Weighing the Cost of School Suspensions in Massachusetts

The New England Center for Investigative Reporting recently reported findings detailing disciplinary trends within the public education system of Massachusetts. According to the analysis, almost 200,000 school days were lost to out-of-school and in-school suspensions and expulsions during the 2009-2010 school year. The organization said that days lost to suspension or expulsions during the timeframe were equal to about 10 percent of the 172 million school days accumulated by the state’s nearly 1 million public school students. The analysis reports that while the Boston school system is more likely to expel students permanently, the Worchester school system ultimately totaled up more lost school days due to disciplinary actions, with approximately 5,000 lost school days compared to the capital city’s estimated 2,765. The analysis also found that more than 2,000 students, some as young as age 4, were suspended from the state’s early elementary programs, which entails pre-kindergarten to third grade classes.

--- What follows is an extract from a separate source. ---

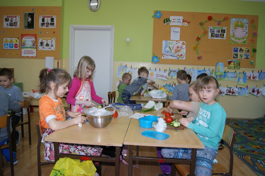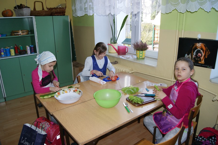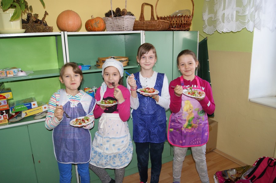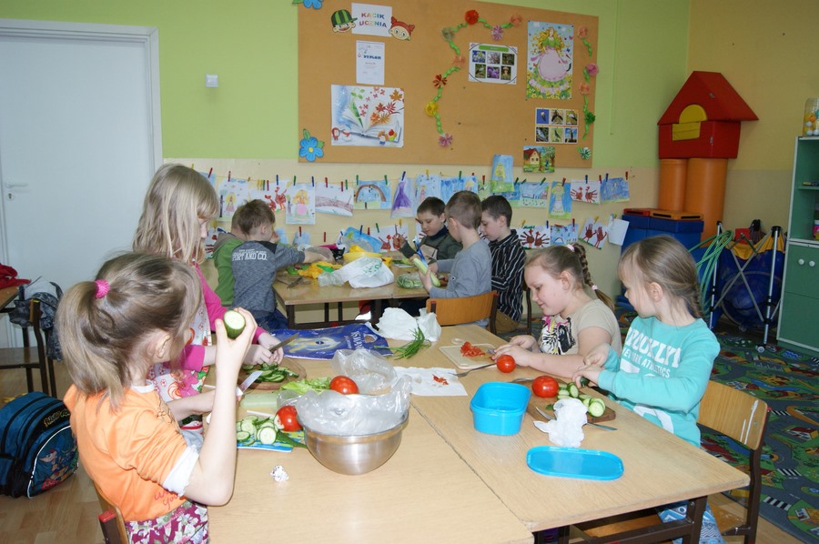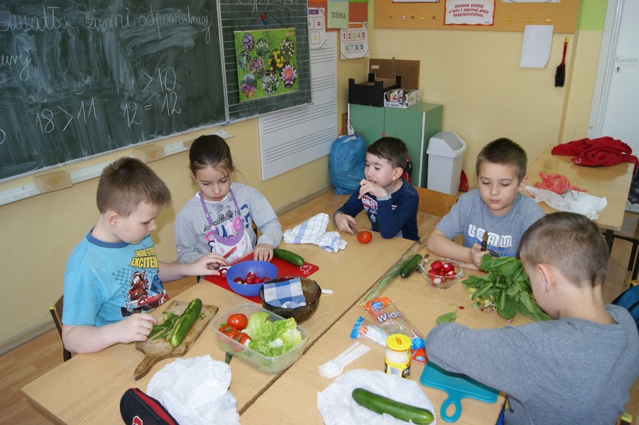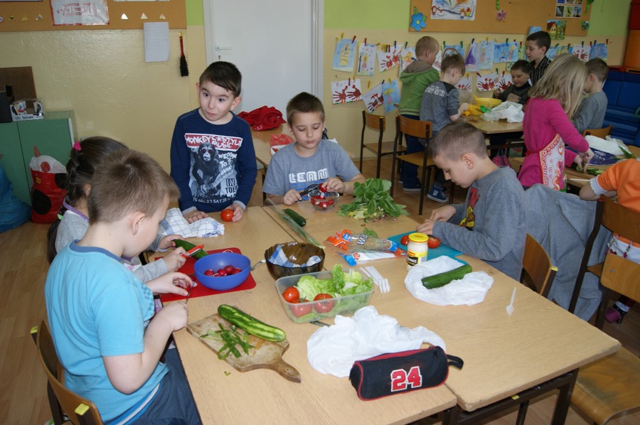 W ramach rozpowszechniania zasad zdrowego odżywiania uczniowie klasy Ib wykonali WIOSENNE SAŁATKI, które po ukończeniu wspólnie spożywali. Wszyscy jednogłośnie stwierdzili, że ukończone przekąski były PRZEPYSZNE!!! Grupowe przyrządzanie posiłku to także dobry moment na naukę poprawnych zasad gotowania oraz kulturalnego zachowywania się przy stole.
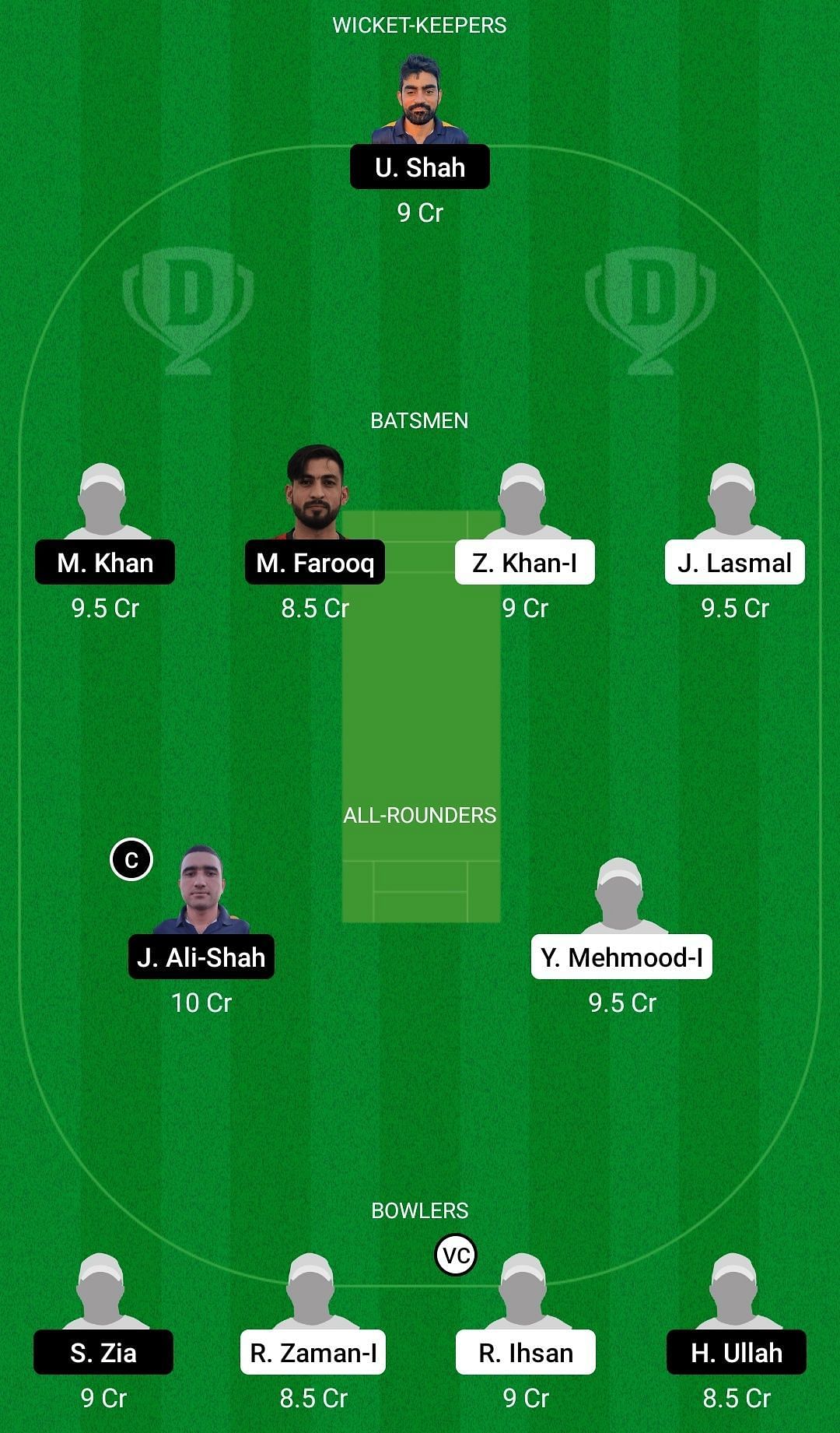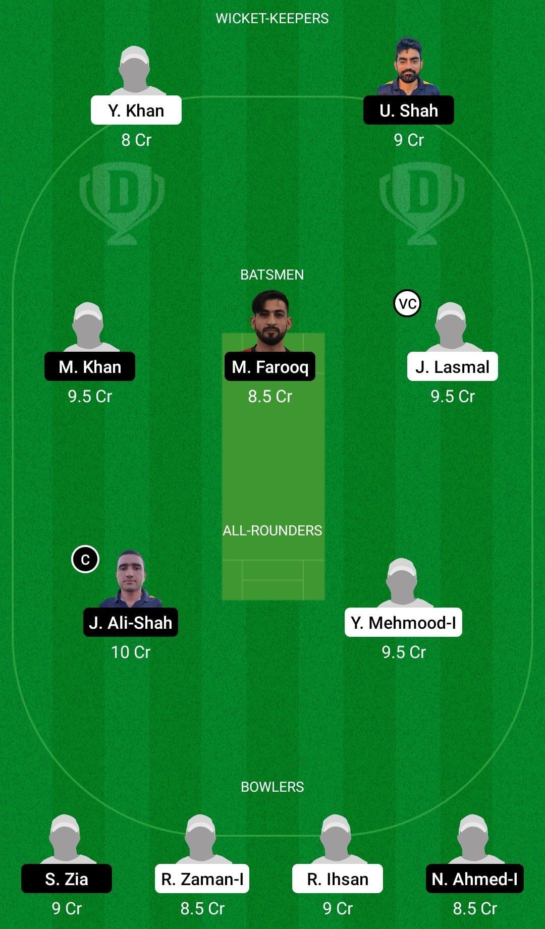 Fantasy Suggestion #1: Umar Shah, Murtaza Khan, Muhammad Farooq, Zeshan Khan, Jeevan Lasmal, Jawad Ali Shah, Yasir Mehmood, Syed Zia, Rauf Zaman, Raza Ihsan, Hasher Ullah

JJIE Joins Investigative News Network

The JJIE.org is the newest member of the Investigative News Network, a consortium of more than 60 non-profit newsrooms in North America. “We are excited about having JJIE and Kennesaw State University as part of the network,” Kevin Davis the CEO and Executive Director of the INN said in a press release. “Juvenile justice issues are chronically underreported by the mainstream media and we are delighted to help bring high quality and persistent coverage of this important area.”

The INN counts among its members the Washington, D.C.- based Center for Public Integrity, National Public Radio, OpenScerets.org and the Alicia Patterson Foundation, New York-based ProPublica, the Berkeley, Calif.-based Center for Investigative Reporting and Minneapolis-based MinnPost.com to name a few. The stated mission of the Los Angeles-based INN is to help member "non-profit news organizations produce and distribute stories with the highest impact possible, and to become sustainable nonprofit organizations." “Joining the INN collaboration is a logical step in the JJIE.org’s movement into a national news organization covering youth justice issues,” said JJIE.org Executive Director Leonard Witt, who calls juvenile justice the civil rights issue of our time.